As the holiday season approaches, we thought we’d share this throwback letter from one of our Little Sisters, Darci. Here’s what she has to say.
“My mother introduced me to the idea of having a Big Sister when stresses in my life were getting to me.
There was a time when we did have an acceptable amount of money and when I did have friends, but one day all that seemed to disappear and, as I look back now, there were a lot of events that led up to me needing a Big Sister.

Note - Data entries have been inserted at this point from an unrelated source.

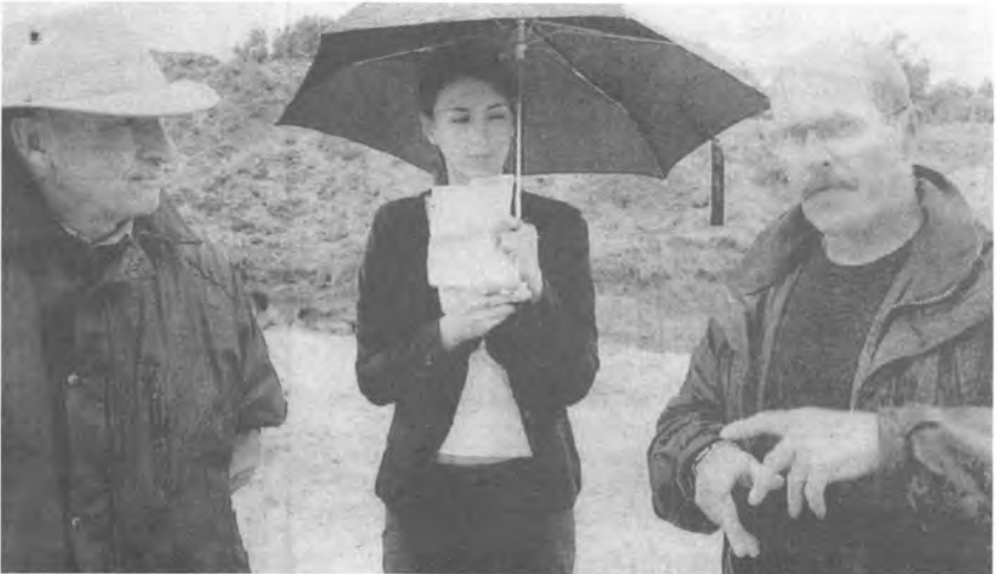
That's me, the site director, under interrogation from the Surrey Mirror reporters
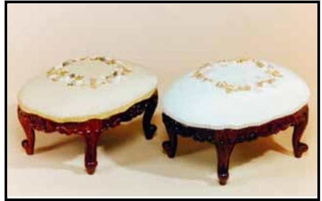
FL 002 Medium Oval Footstool

Large and medium size carved oval footstools in the Louis XV style.
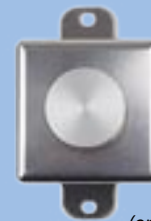
(optional*) Mountable Pushbutton
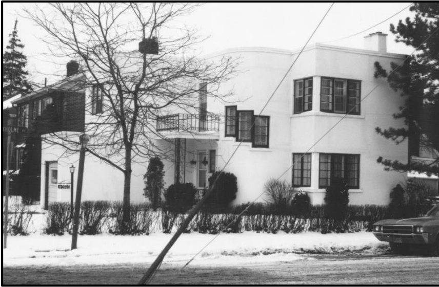
Figure 1: Dario Pagani House in January 1975 from the Couling Building Inventory

metal balustrade. A drive-in garage protrudes from the northwest façade of the structure.
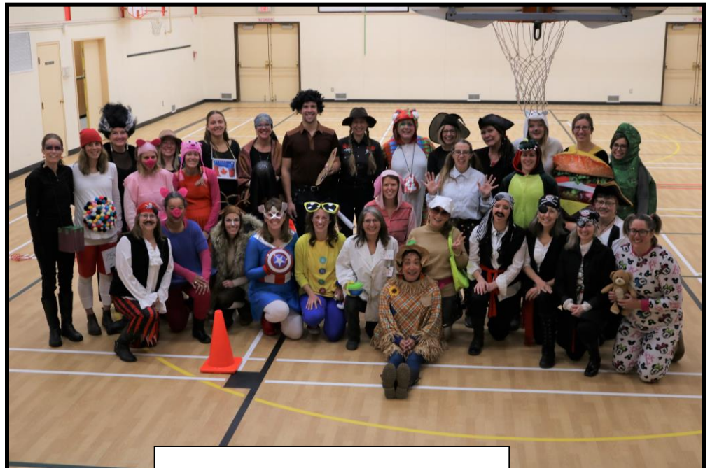
Staff Halloween Photo 2019!
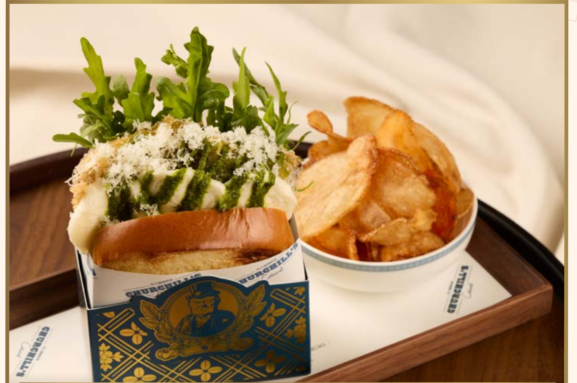
米兰茄子三明治 EGGPLANT MILANESE

帕玛森干酪酱汁，山核桃，嫩生菜，面包黄油腌菜，鸡肉汁 Parmesan dressing, pecan nut, baby gem lettuce, bread and butter pickle, chicken gravy
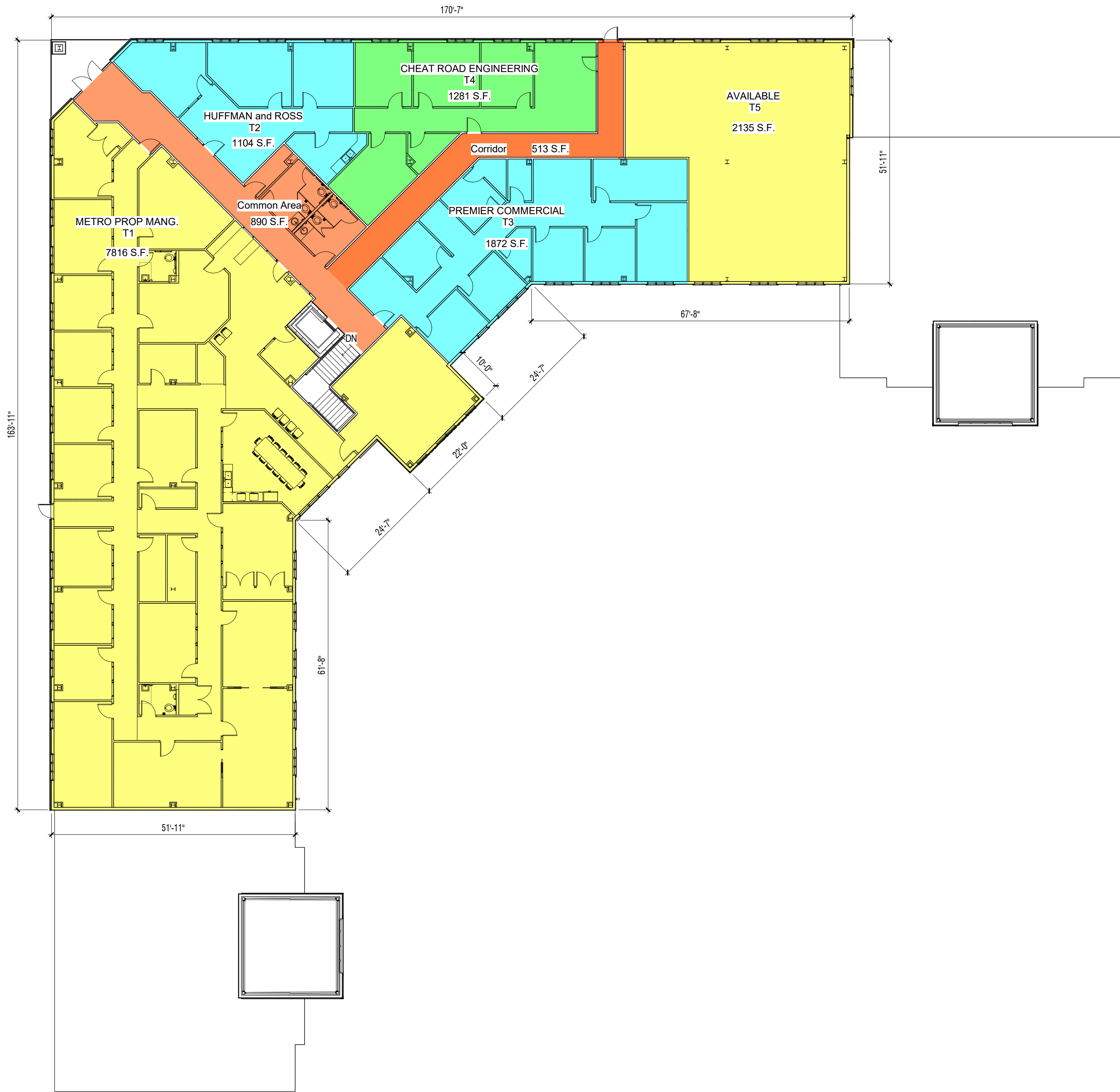
SECOND FLOOR TENANT PLAN SCALE: 1/16" = 1'-0"

FOR LEASE COORDINATION ONLY 12.13.2022 REVISIONS

My parents split up when I was young and that caused me to feel even more fearful and unstable. I had already witnessed violence and a lack of communication with my parents growing up, which made me feel unsafe emotionally and intellectually. It was hard to open up after going through such trauma. My parents never could truly understand me so when I did try opening up, I ended up feeling judged and criticized for thinking and feeling in a way they didn’t want to accept. It caused me to put up a wall and, when you’re young, a wall stops you from being a child and from being all you can. Slowly, I started noticing my friends parting from me during my elementary years. I began to get bullied for my appearances and it made me feel more alone and my self-esteem got very low.
Through all these struggles I had nowhere to go and no one to turn to.
I ended up isolating myself and having to just take care of myself. I pulled through those burdens but without the supports I needed, it cost me my childhood and many friendships. I was like a robot. Living, but having little connection to others. Until I joined Big Sisters. I’ve had two Big Sisters over the past six years—my first match lasted about a year and within that time I started feeling a little better about myself. We went our own ways after that year, and the Big Sisters caseworkers immediately started to search for a new Big Sister for me.
It was then I met Michelle, my Big Sister for the past five years.
She has been my mentor, my friend, and a true sister. She is everything to me because she has been there for me in any way I needed. I have turned to her and we have talked through my difficult situations. She doesn’t put me down. She has accepted me as I am and that is what encouraged me to be myself. I’m not sure she knows how great she is because that’s who she is naturally. I feel that she has helped raise me. I value all her teachings. I have learned about strength, respect, and self-expression. She has taught me life skills and confidence so I can see for myself how I can reach my full potential. She has pushed me to grow and go far and that’s where I’m headed. I never knew that about myself before. We are matched perfectly.
I plan on inspiring others with what she has taught me, especially my daughter. I got lucky to be introduced to Big Sisters. I come from a low income family and a really tough neighbourhood. There is a lot of pressure with growing up around drugs, alcohol, and all kinds of abuse. When you’re already so vulnerable because of the lack of role models and supports in your life, it’s hard to move forward and create a better life. This is where I come from and there are many more girls, who are just waiting and hoping for a way out. Unfortunately, many children in these situations end up just staying where they are and continuing this cycle because there really is nowhere left to go for help.
That is why I’m here sharing my life story.
Girls need positive role models to get out of the cycle and to feel like they have power over themselves and their lives. I don’t want my daughter or nieces to feel like they’re weak or unimportant. Without this program I probably wouldn’t have known that there was an outlet. I probably wouldn’t have graduated from high school or started college but that is what I am doing now.